His experiences of Cape York Peninsula, Thursday Island, Borneo, Fiji, Tahiti and New Guinea inspired and influenced much of his work from the 1950s onwards. The daily activities and slow pace of island life, fecund foliage, swaying palms and shimmering oceans are common subjects for Crooke’s paintings. Waiting or Woman in a tropical interior (1982) is characteristic of Crooke’s style, featuring strong lines, simplified forms, blocks of colour and contrasting areas of light and shade.
In 1963 Crooke was included in the important exhibition Australian Painting Today at the Tate Gallery, London which also toured Australia.

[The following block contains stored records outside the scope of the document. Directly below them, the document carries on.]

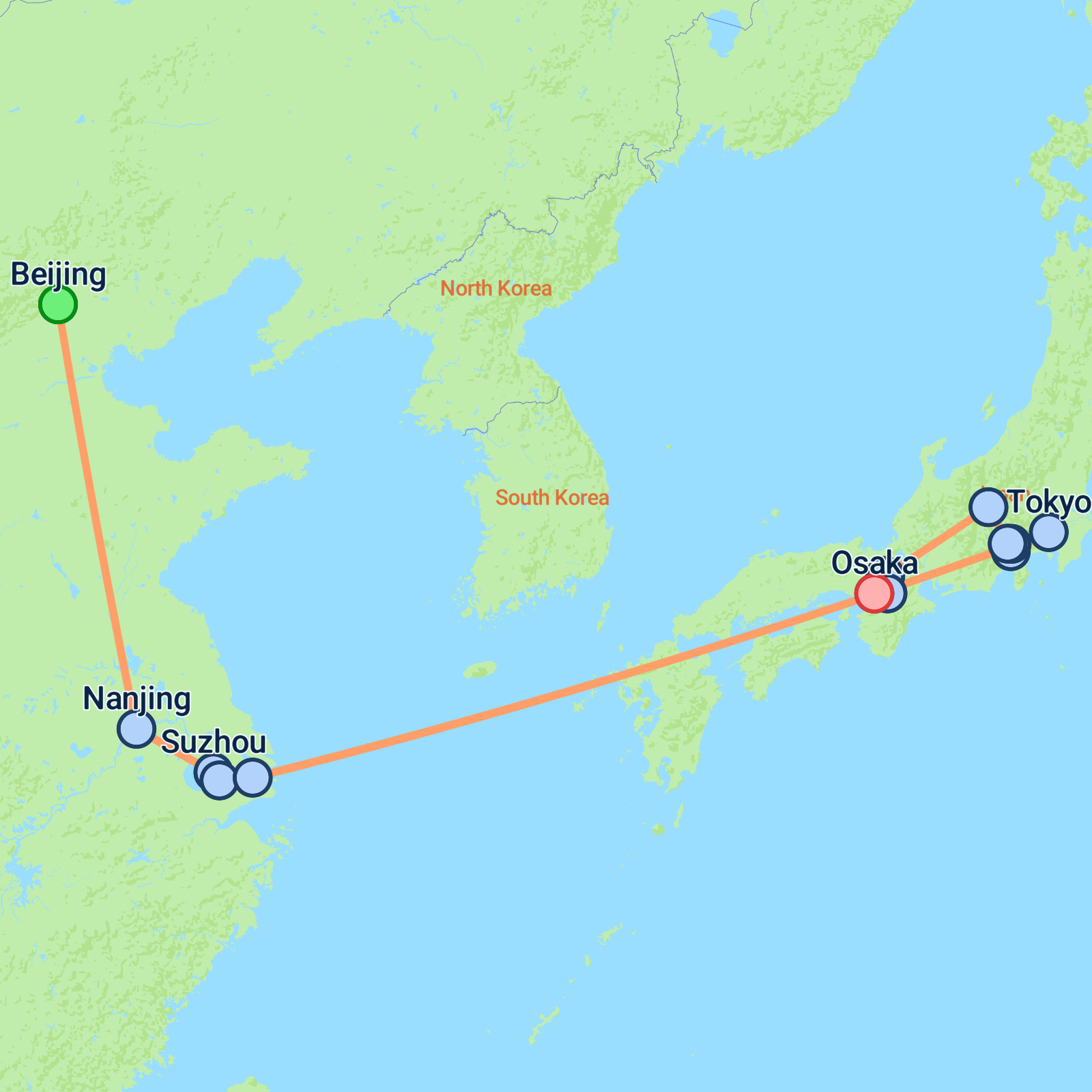 Embark on this thrilling 13-day journey from Beijing to Osaka, where vibrant cities meet stunning landscapes and rich traditions. Begin in Beijing, exploring the Great Wall and the Forbidden City, before experiencing the modern energy of Nanjing and the tranquil gardens of Suzhou. Wander through Shanghais bustling streets and take in panoramic views from the iconic Pearl Tower. Fly to Tokyo, where skyscrapers and serene temples coexist beautifully. The charm of Mount Fuji and traditional ryokan stays await in Kawaguchiko, followed by the historic allure of Kyoto and Nara. Conclude your adventure in Osaka, revelling in its spirited nightlife and cultural hotspots.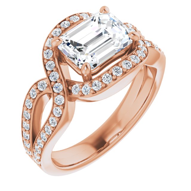 10K Rose Gold Customizable Emerald/Radiant Cut Center with Infinity-inspired Split Shared Prong Band and Bypass Halo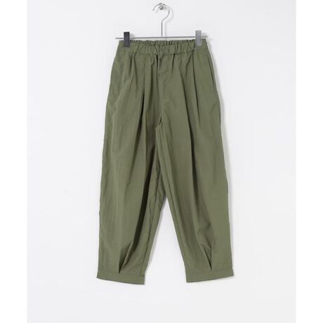 人気の撥水タックワイドパンツがナイロン100%素材にリニューアルし、より軽くさらっとした履き心地で登場。撥水加工を施しているので、ちょっとした雨や汚れも気になりにくくデイリー使いにぴったりです。軽量ながら程よくハリがある素材感でキレイ目なシルエットをキープし、裾にかけてすぼまったデザインで足さばき良く穿けるのが魅力。ウエストは総ゴム仕様でお子様でも着脱簡単にしていただけます。KHAKIとD.NAVYの2色展開で、どんなスタイルにも合わせやすくシーズンレスに着回しの効くアイテムです。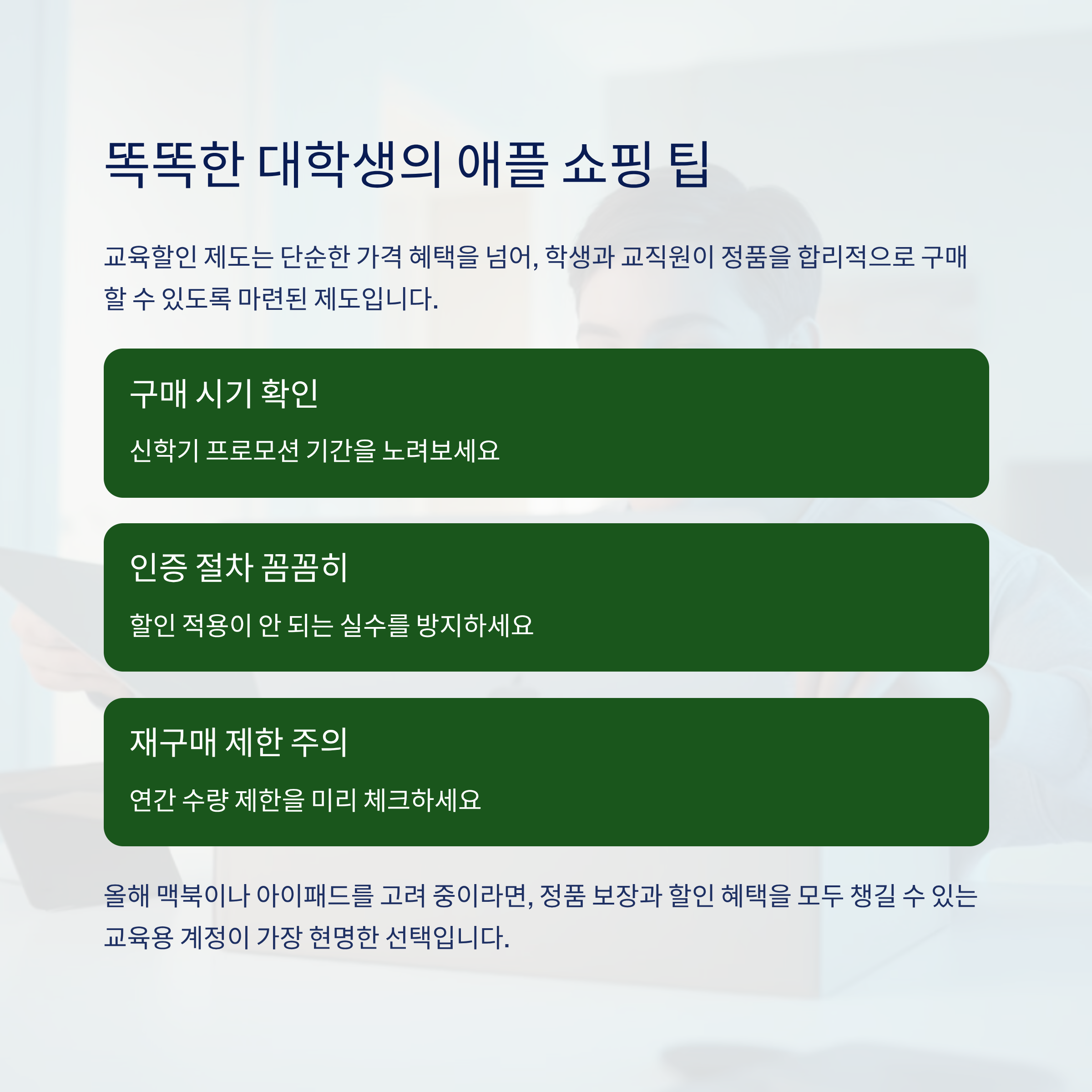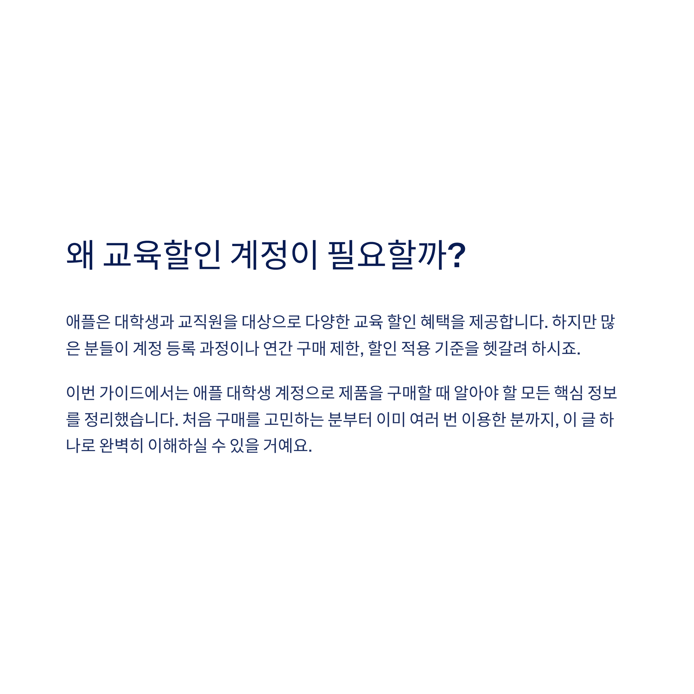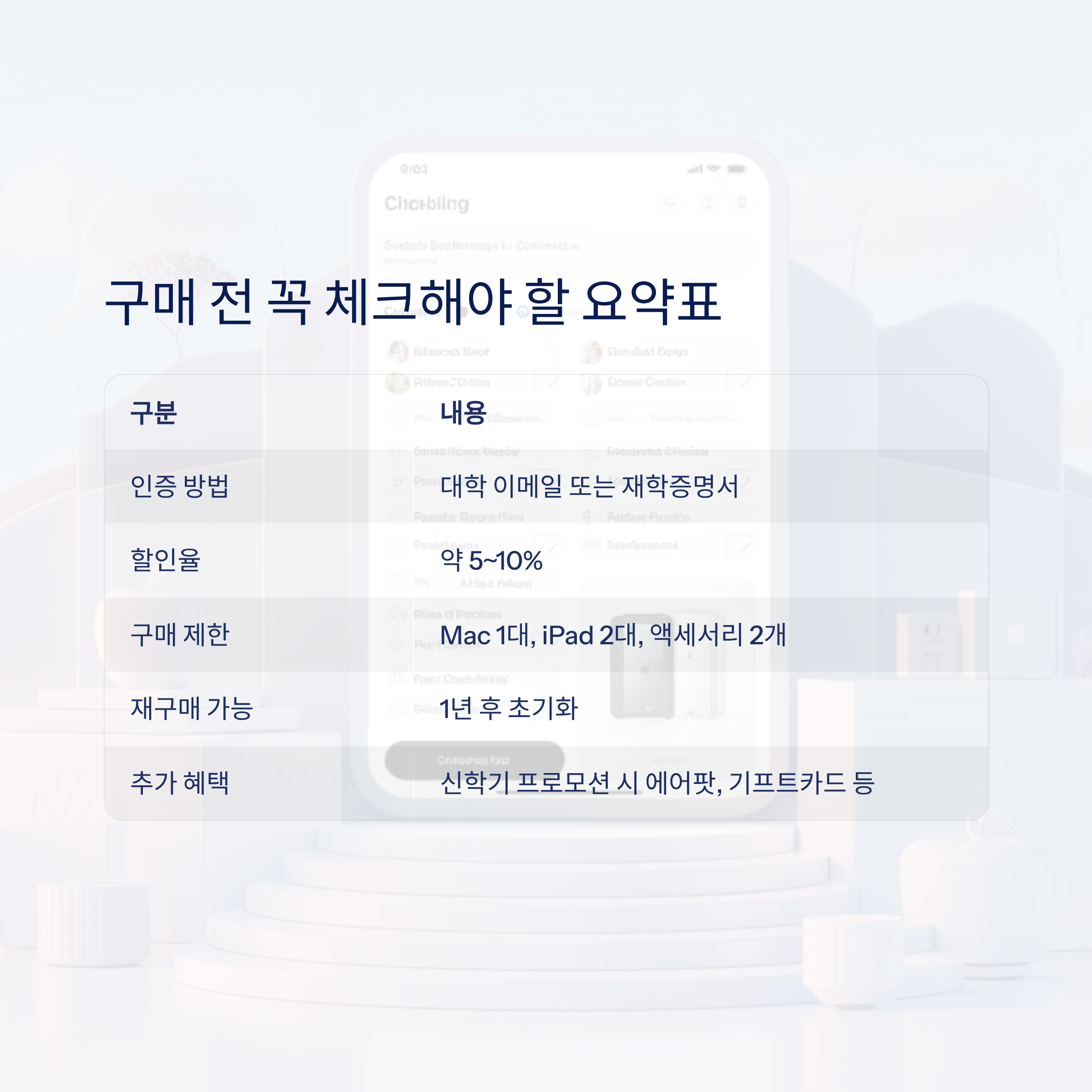 애플은 대학생과 교직원을 대상으로 다양한 교육 할인 혜택을 제공합니다. 하지만 많은 분들이 계정 등록 과정이나 연간 구매 제한, 할인 적용 기준을 헷갈려 하시죠. 이번 글에서는 애플 대학생 계정으로 제품을 구매할 때 알아야 할 모든 핵심 정보를 정리했습니다. 처음 구매를 고민하는 분부터 이미 여러 번 이용한 분까지, 이 글 하나로 완벽히 이해하실 수 있을 거예요.

In 1969 he won the Archibald Prize, in 1993 he was awarded a Medal of the Order of Australia and in 1996, an Honorary Doctorate from Griffith University, Brisbane. A national touring exhibition, North of Capricorn: The Art of Ray Crooke, was organised by the Perc Tucker Gallery, Townsville, in 1998, and a major retrospective of his work, Encounters with country: landscapes of Ray Crooke was developed by the Cairns Regional Gallery in 2006 which toured. His work is included in the collections of the National Gallery of Australia, all state galleries, Queensland University Art Museum, Newcastle Regional Gallery and the Vatican Collection of Modern Religious Art.